Editorial and Marketing Teams: Needed faster, more flexible ways to syndicate targeted content feeds to partners.
Product Management: Wanted to enable new business models via content syndication and improve SEO through dynamic feeds.
External Partners & Aggregators: Required reliable, up-to-date RSS feeds to power their own platforms and user experiences.
Engineering Team: Needed a low-maintenance, scalable solution to reduce manual work and improve system reliability.
I led the design and development of a serverless RSS feed generator using Google Cloud Functions integrated with Elasticsearch. This service dynamically queries live content indexes to produce customized RSS feeds on demand, based on filters like tags, categories, and publication dates.
This architecture eliminated the need for manual feed updates and allowed non-technical teams to launch and manage new feeds independently through configurable parameters.
Accelerated content delivery from hours/days to real-time, enhancing partner satisfaction and enabling faster time-to-market for campaigns.
Reduced operational costs by automating a previously manual process, freeing engineering resources for strategic projects.
Expanded business opportunities by supporting syndication deals with new partners and improving SEO rankings through dynamic, targeted feeds.
Increased content reach and engagement, directly contributing to revenue growth and brand visibility.

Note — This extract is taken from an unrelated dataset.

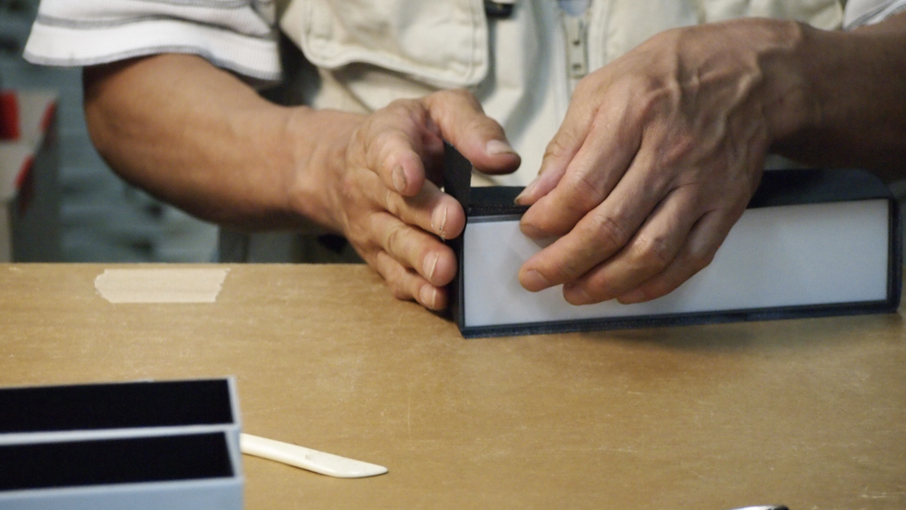 素材の中心となる和紙は、越前(福井県)をはじめとする日本の和紙生産地から取り寄せ、製造は、創業当時から関わりのある職人や協力工場で行い、全て国内生産、そのほとんどが京都です。

Design and implement a dynamic RSS feed generator that could:
Pull relevant, real-time data from Elasticsearch
Be hosted and triggered on demand via Google Cloud Functions
Serve different content categories based on query parameters
As the lead solution engineer and architect, I:
Collaborated with product managers and marketing teams to define requirements that maximize business impact
Presented solution benefits to partners and sales teams, enabling better positioning and faster adoption
Supported go-to-market strategies by ensuring the product’s technical strengths aligned with market demands
Provided technical demos and training to business users and external clients to facilitate onboarding
Gathered feedback from stakeholders to prioritize features that deliver the greatest ROI
Designed the system integration between Elasticsearch and the cloud function
Created the query structure and handled index configuration
Developed and deployed the Cloud Function to dynamically return valid RSS XML
Collaborated with product and marketing teams to define content types and metadata
Google Cloud Functions (Node.js / PHP / Python)
Elasticsearch (query DSL, filters, aggregations)
RSS XML (custom feed format based on API query)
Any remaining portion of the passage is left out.